The contactless approach to customer service

In the last year, most things have moved remote and online as far as customer service is concerned. Agents working from home will be the norm from now on, and the customers would want to get in touch with an agent only when necessary.

 

The contact centers have discovered that moving their agents to work from home hasn’t affected their productivity, and they continue to provide world-class service to their customers.

 

Customers still demand accessible, high-quality support, but the liking towards speaking with a live agent has come down considerably in the last few quarters.

 

With face-to-face interactions coming down, most organizations have migrated to multi-channel and omnichannel operations. They are looking at migrating 60% of their customer service to be handled by intelligent apps and automated bots that would be offered as self-service.

 

The self-service world

What do you need to do to make the self-service world up and running?

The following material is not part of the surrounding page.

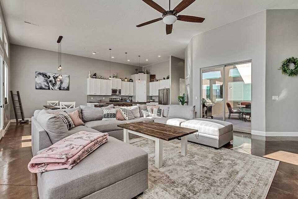 The Charlotte Home has a modern cabin feel, with it's soft plaid comforters, to white wooden texture tile back splash, this home is perfect for big family or friend get together, or a romantic get away. 5 bedroom 4 bathroom luxury home, with plenty of room, and activities to keep everyone occupied.

You need to get the technology in place and integrate it with your enterprise systems, which would help solve your customer issues.

 

The most important thing is agents’ ability to access your enterprise systems from a remote location – cloud access or VPN access. Once this is done, look at having automated IVR, chatbots with natural language processing, web self-service, FAQs, asynchronous messaging, SMS service lines, among others.

 

An example

I use a broadband connection at home. Whenever I have Internet connectivity issues, I was initially calling their customer service and registering a complaint. Once I register the complaint, I get an SMS with a complaint number. Then a support engineer calls me up to understand the issue. After a point in time, they provided me with an app to easily register my complaint.

 

Once the pandemic set in, they migrated the entire support part of the app into an intelligent application. There is no need for you to speak to anyone as all possible combinations are available in the chatbot itself.

 

Though it is only a rule-based engine, you do not have to talk to anyone, as every possible combination is captured as a part of the chatbot. They have all the options like:

 

  1. Internet not working at all
  2. Internet access is slow
  3. I am not able to access a few sites
  4. Whenever there is a power shutdown, and upon resumption, my Internet doesn’t work
  5. Router configuration
  6. A few others

You provide every information needed for the support engineer to address your issue within a minute and with just a few clicks. You get your ticket number with the approximate resolution times.

 

I can’t be happier.

This is a straightforward example that I have quoted. This is only the tip of the iceberg on what is possible with self-service. Imagine building intelligence to your self-service, and you would be laughing your way to the bank with happy, satisfied, and loyal customers.